# Can You Identify This?



## My Freemasonry (Aug 8, 2012)

​A brother sent me this photo. Can anyone identify it, the country and obedience? Click it to enlarge.
	

	
	
		
		

		
			






More...


----------



## cambridgemason (Aug 8, 2012)

It is Masonic, it may be European, not Cubian.  I have seen Lodge pics from European countries that look like this. They are usually small, have three steps that lead into an area where the Master sits in the East.  Walls and ceilings are usually covered with Masonic items and paintings and drawings.


      After looking at this pic, it could also be South American, some Brazilian Lodges look similar to this.


----------



## Bro_Vick (Aug 9, 2012)

cambridgemason said:


> It is Masonic, it may be European, not Cubian.  I have seen Lodge pics from European countries that look like this. They are usually small, have three steps that lead into an area where the Master sits in the East.  Walls and ceilings are usually covered with Masonic items and paintings and drawings.
> 
> 
> After looking at this pic, it could also be South American, some Brazilian Lodges look similar to this.
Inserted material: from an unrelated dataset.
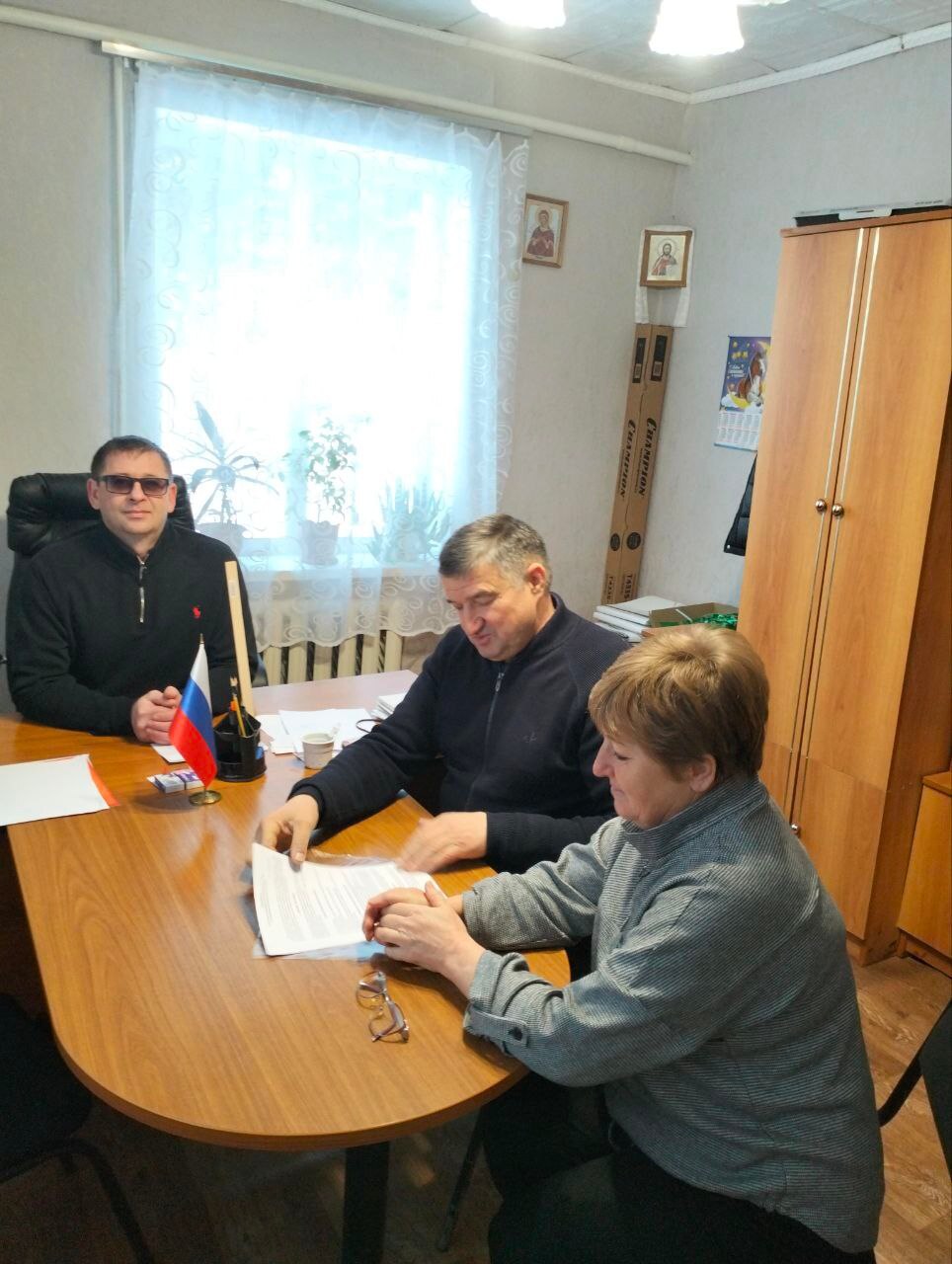 Обсудили основные направления деятельности на ближайшее время - нормализация подачи воды и электроснабжения. приведение в порядок дорожного полотна в населенных пунктах, а так же предстоящие выборы главы сельского поселения.

It is in Spain, and is an exhibit by anti-Freemasons about Freemasonry and it's "evil" ways.

S&F,
-Bro Vick


----------



## davidjones201 (Aug 12, 2012)

Why hoods? Why are the s&q sideways?


----------



## Beathard (Aug 12, 2012)

I like the Spain answer, but cannot verify it. I have sat in lodge in Europe and south America and have never seen anything like this.


----------



## Bro_Vick (Aug 16, 2012)

davidjones201 said:


> Why hoods? Why are the s&q sideways?



Because it was a display to show how evil Freemasons are, hoods and sideways symbols helps in that effort.

DRAMA!

S&F,
-Bro Vick


----------



## Michaelstedman81 (Aug 19, 2012)

Whether anti-masonic or not, I'm wondering if it isn't of some sort of French decent...

The covering over what looks to be the "master" has the abreviation A.L.G.D.G.A.D.U., which according to Mackey's Encylcopedia of Freemasonry is _A la Glore du Grand Architecte del' Univers_...  Translated to English is "To the Glory of the Grand Achitect of the Universe".  Mackey said it was the usual caption of French Masonic documents.

Also, the banner behind the hooded person on the left has the abbreviation G.E., which Mackey alo says to be either Grand Encampment or Grand East.

In the center of the picture, up at the ceiling is a doubleheaded eagle.  Scottish Rite has a lot of history coming from France.  Though, I see other things that could link to other SR stuff, and also YR stuff.

Whether regular or irregular, Masonic or anti-masonic, possibly the source of this potentially be French or some place that has strong French roots???


----------